Provided material:
=====

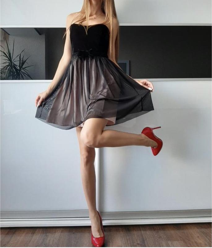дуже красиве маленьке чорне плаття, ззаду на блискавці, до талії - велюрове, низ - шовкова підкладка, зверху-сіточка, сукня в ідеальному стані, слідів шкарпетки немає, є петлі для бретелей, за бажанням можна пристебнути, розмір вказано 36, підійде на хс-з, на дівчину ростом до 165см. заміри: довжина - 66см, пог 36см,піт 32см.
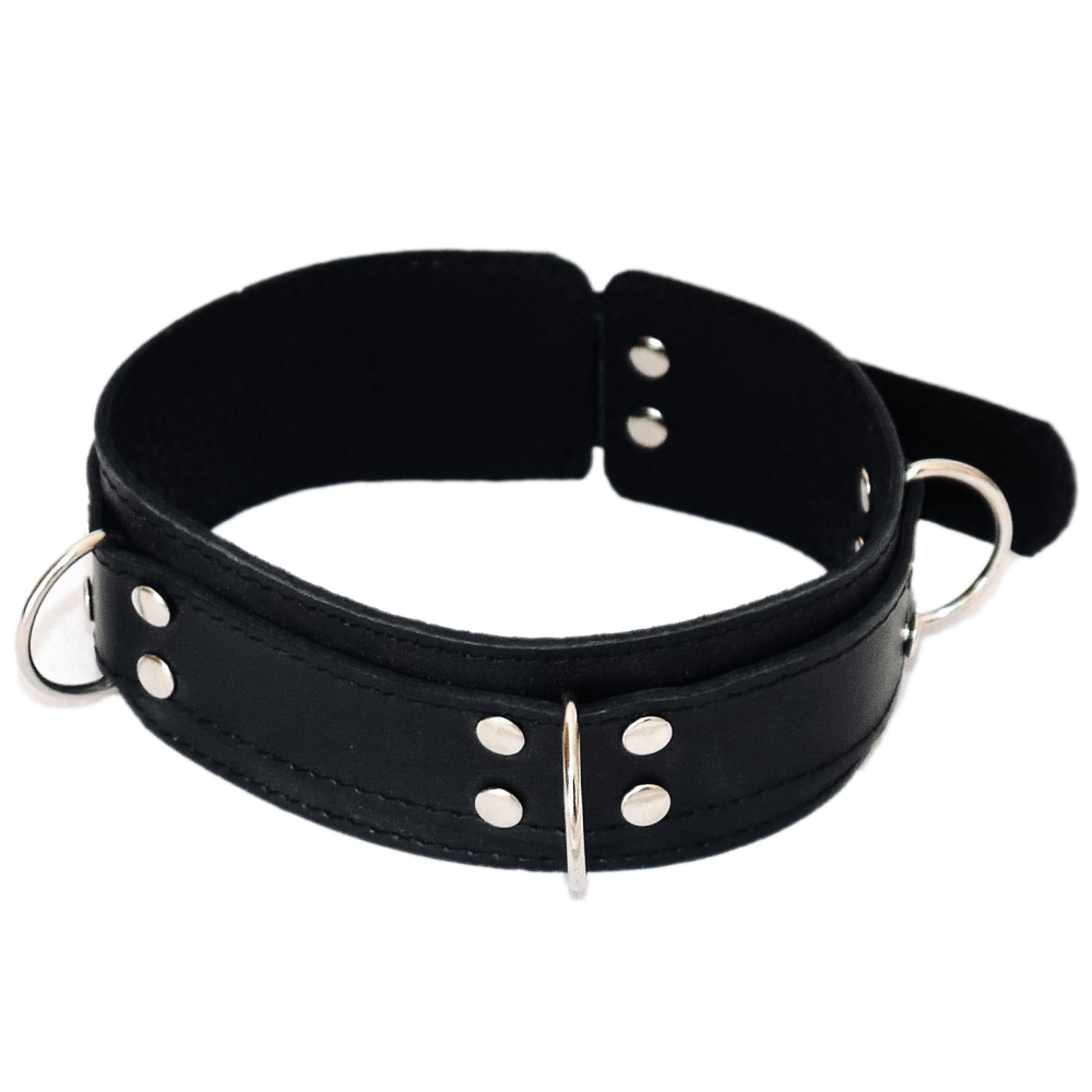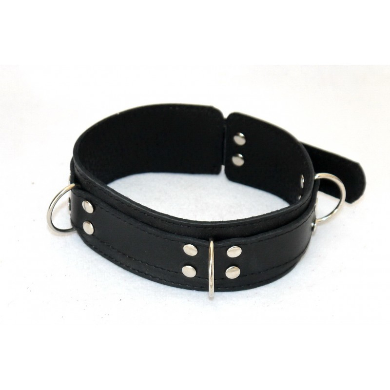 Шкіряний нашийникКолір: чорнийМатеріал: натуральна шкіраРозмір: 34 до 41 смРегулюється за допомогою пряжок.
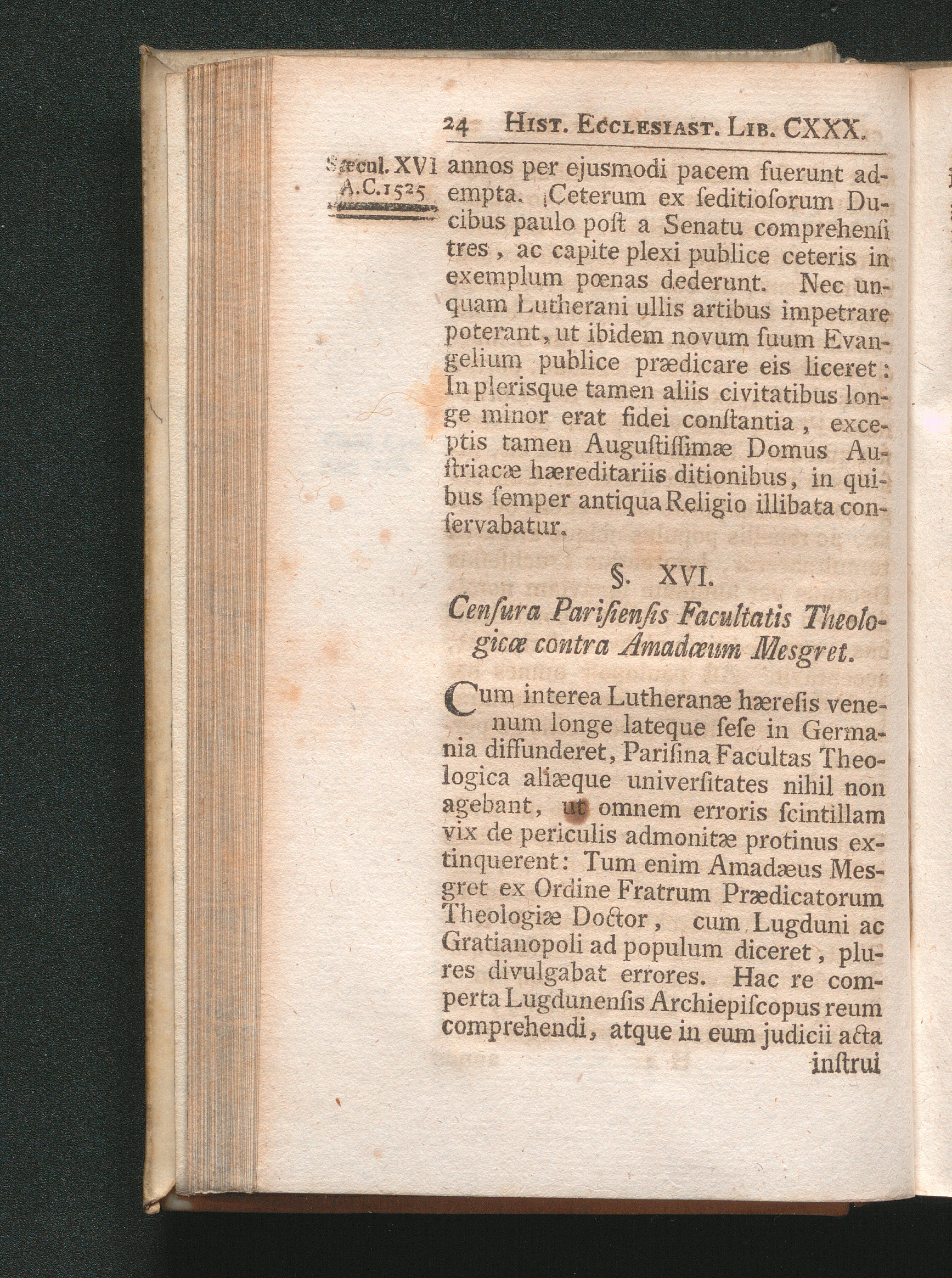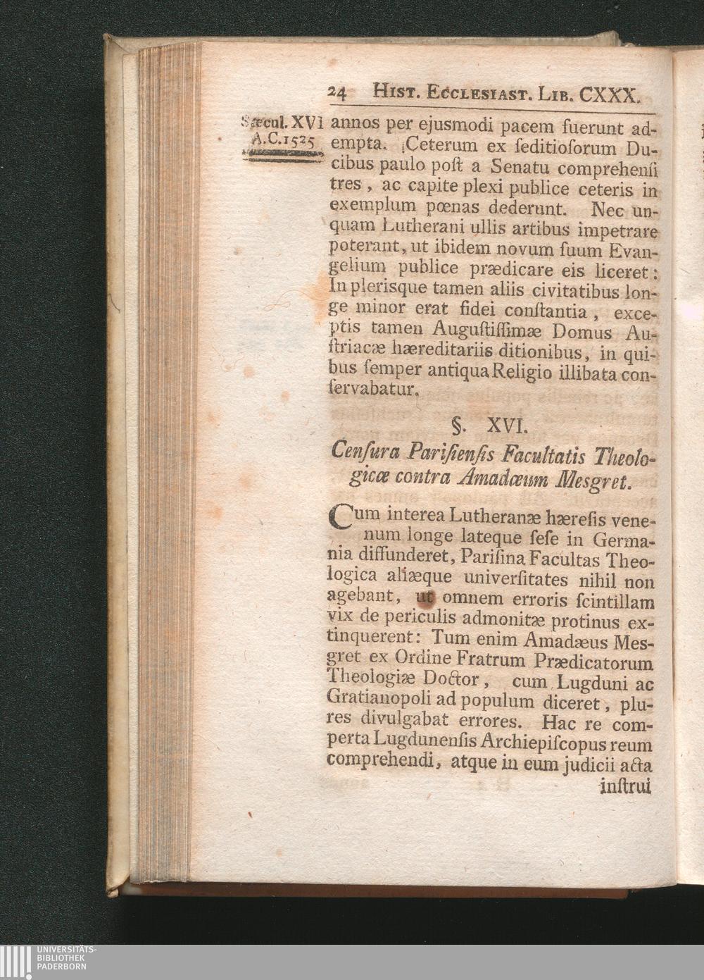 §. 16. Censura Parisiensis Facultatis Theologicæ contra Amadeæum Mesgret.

=====

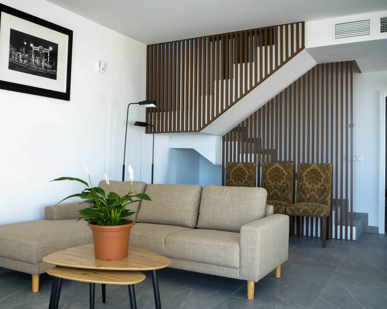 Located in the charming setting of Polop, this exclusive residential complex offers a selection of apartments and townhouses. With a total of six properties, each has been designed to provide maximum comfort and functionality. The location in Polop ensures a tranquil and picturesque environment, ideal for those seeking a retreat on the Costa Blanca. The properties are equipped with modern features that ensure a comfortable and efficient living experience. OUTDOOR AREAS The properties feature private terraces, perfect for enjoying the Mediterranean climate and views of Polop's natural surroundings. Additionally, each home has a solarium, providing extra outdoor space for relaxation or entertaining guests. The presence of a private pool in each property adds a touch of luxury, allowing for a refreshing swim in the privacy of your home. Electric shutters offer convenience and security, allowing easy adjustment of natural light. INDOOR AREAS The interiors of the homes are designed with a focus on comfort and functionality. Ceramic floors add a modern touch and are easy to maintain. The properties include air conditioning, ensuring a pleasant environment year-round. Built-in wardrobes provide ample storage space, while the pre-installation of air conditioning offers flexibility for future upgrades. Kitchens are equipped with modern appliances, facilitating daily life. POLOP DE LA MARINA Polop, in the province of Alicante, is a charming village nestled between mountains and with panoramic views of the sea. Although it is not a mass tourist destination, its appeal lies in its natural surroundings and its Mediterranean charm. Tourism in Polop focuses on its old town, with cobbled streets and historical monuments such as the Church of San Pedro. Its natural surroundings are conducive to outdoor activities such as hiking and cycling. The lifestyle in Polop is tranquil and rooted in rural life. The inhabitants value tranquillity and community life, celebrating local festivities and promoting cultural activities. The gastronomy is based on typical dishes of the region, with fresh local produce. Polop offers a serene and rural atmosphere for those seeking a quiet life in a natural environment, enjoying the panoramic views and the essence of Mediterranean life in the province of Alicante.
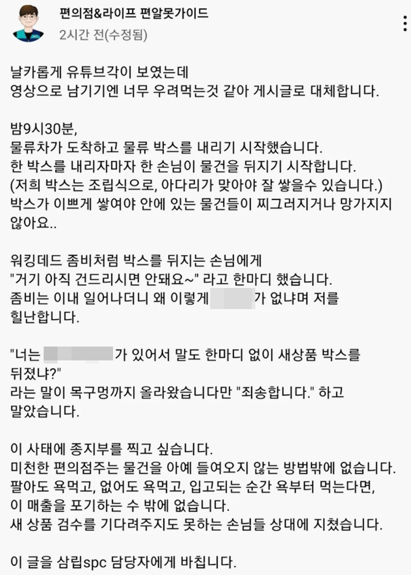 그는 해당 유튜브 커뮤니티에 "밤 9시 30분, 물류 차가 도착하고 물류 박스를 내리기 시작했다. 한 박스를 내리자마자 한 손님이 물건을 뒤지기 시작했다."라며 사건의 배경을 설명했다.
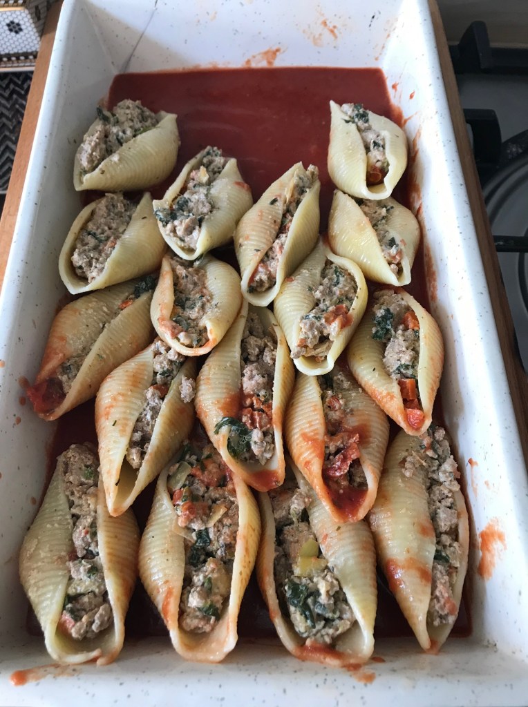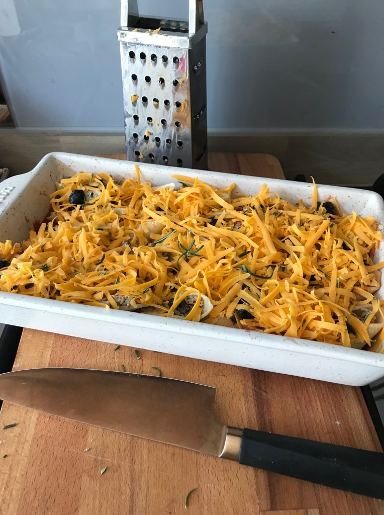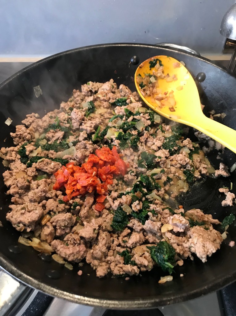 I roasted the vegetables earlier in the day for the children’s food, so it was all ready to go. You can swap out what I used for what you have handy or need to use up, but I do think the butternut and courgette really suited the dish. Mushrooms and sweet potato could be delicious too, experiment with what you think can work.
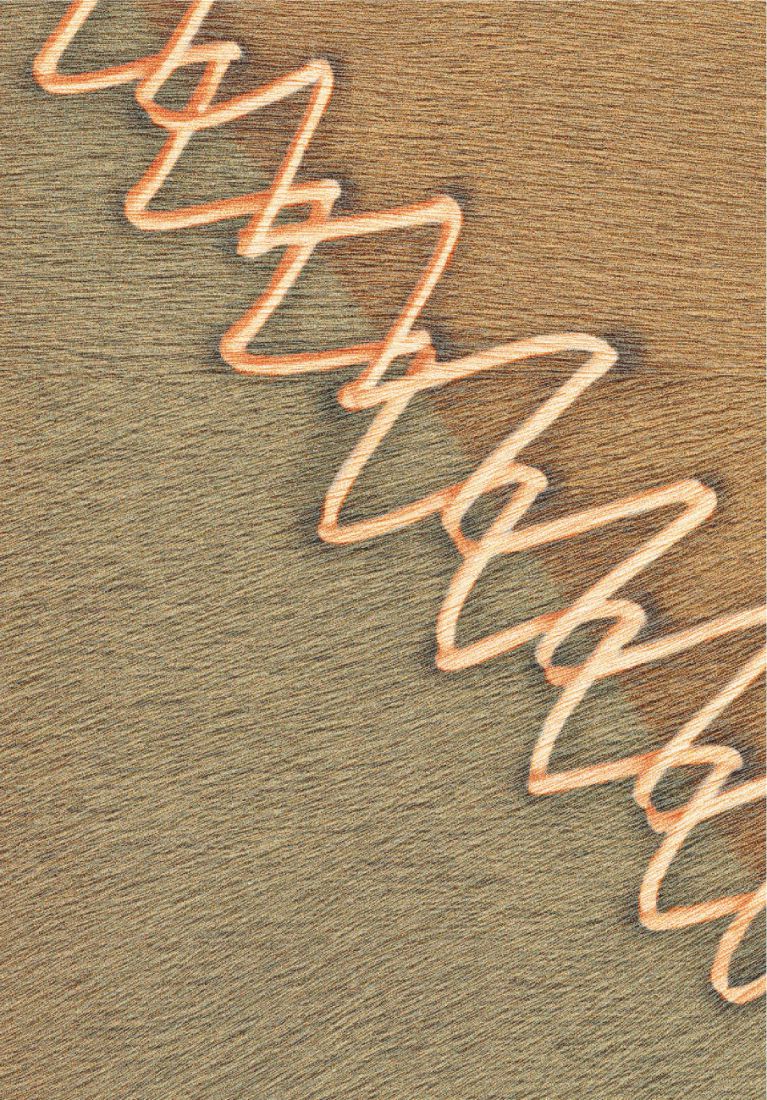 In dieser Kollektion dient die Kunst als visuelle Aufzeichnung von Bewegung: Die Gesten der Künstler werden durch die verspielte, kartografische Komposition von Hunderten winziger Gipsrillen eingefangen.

=====

Task details:
From the material above, reproduce only what runs from the line holding "дуже красиве маленьке" down to the line holding "contra Amadeæum Mesgret.", both included, pictures excluded.

Result of the exercise:
дуже красиве маленьке чорне плаття, ззаду на блискавці, до талії - велюрове, низ - шовкова підкладка, зверху-сіточка, сукня в ідеальному стані, слідів шкарпетки немає, є петлі для бретелей, за бажанням можна пристебнути, розмір вказано 36, підійде на хс-з, на дівчину ростом до 165см. заміри: довжина - 66см, пог 36см,піт 32см.
 Шкіряний нашийникКолір: чорнийМатеріал: натуральна шкіраРозмір: 34 до 41 смРегулюється за допомогою пряжок.
 §. 16. Censura Parisiensis Facultatis Theologicæ contra Amadeæum Mesgret.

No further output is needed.